##### SUPPLIED MATERIAL

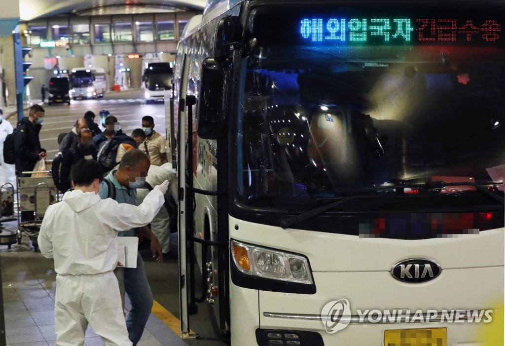 | ▲ Foreign entrants get on a bus at Incheon International Airport on Dec. 2, 2021, that will take them to a government-designated facility for a 10-day mandatory quarantine imposed after South Korea reported its first cases of the omicron variant this week. (Yonhap) |
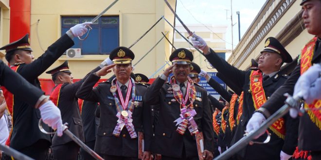 Makassar – Polrestabes Makassar gelar upacara Wisuda Purnabakti Polri dan PNS Polrestabes Makassar berlangsung di lapangan apel Polrestabes Makassar, Rabu (29/6/2022).
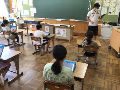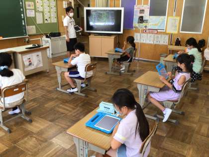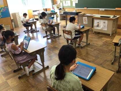 夏休み前集会で、タブレットを使うので、その準備をしました。
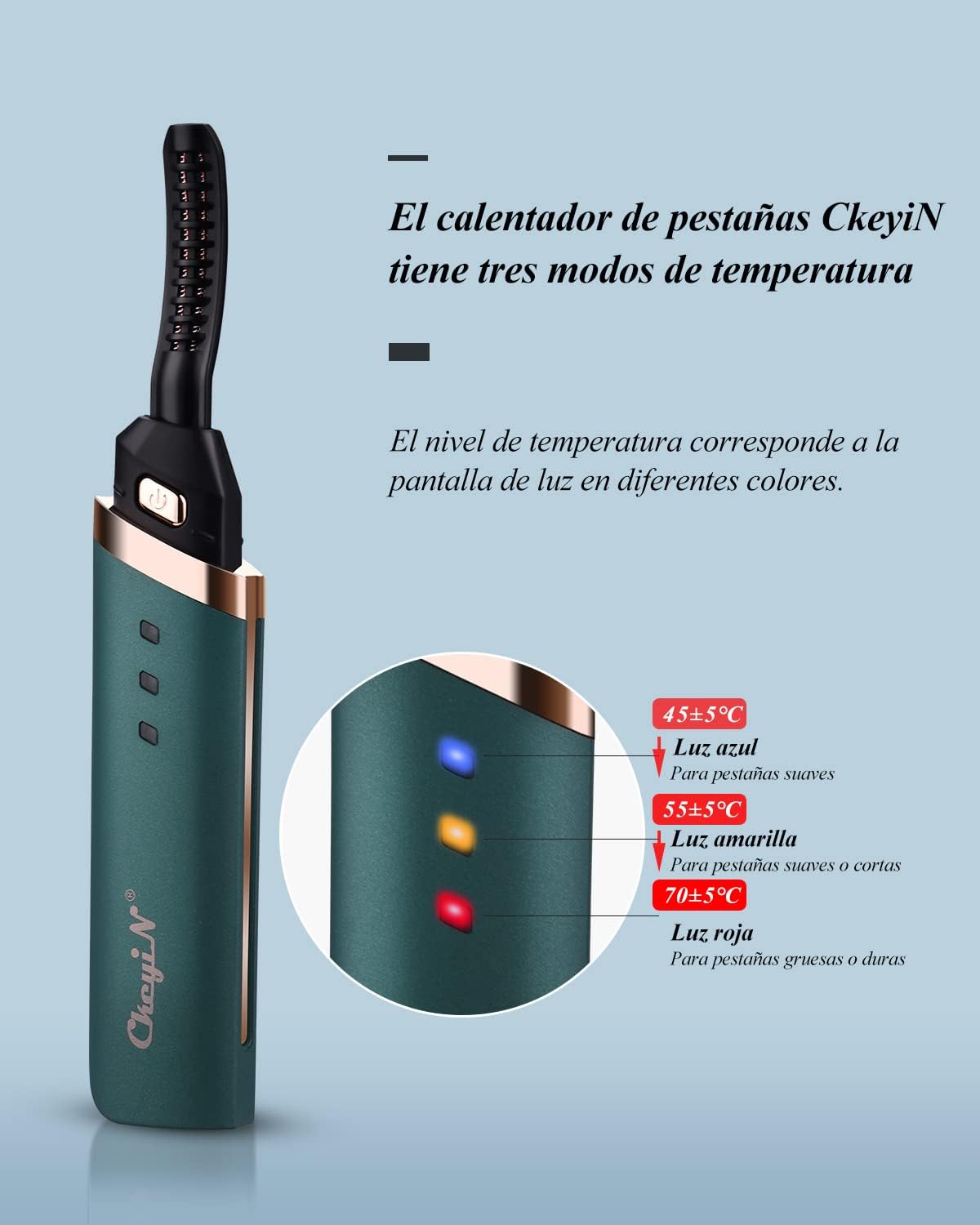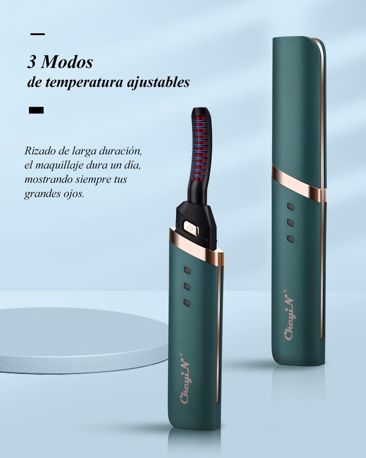 3 diferentes temperaturas ajustáveis de 45°C/55°C/70°C.45°C para cílios macios, 55°C para cílios grossos, efeito de ondulação mais rápido, 75°C é o melhor.
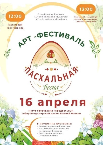 Приглашаем жителей и гостей города на арт-фестиваль “Пасхальная весна”, который состоится 16-го апреля 2023 года на территории кафедрального собора Владимирской иконы Божией Матери.

##########

§ **WHAT IS EXPECTED**
Nothing but the lines from the one containing "夏休み前集会で、タブレットを使うので、その準備をしました。" through the final line of the entries above should be given again, each exactly as written; omit the pictures.

§ **ANSWER SECTION**
 夏休み前集会で、タブレットを使うので、その準備をしました。
 3 diferentes temperaturas ajustáveis de 45°C/55°C/70°C.45°C para cílios macios, 55°C para cílios grossos, efeito de ondulação mais rápido, 75°C é o melhor.
 Приглашаем жителей и гостей города на арт-фестиваль “Пасхальная весна”, который состоится 16-го апреля 2023 года на территории кафедрального собора Владимирской иконы Божией Матери.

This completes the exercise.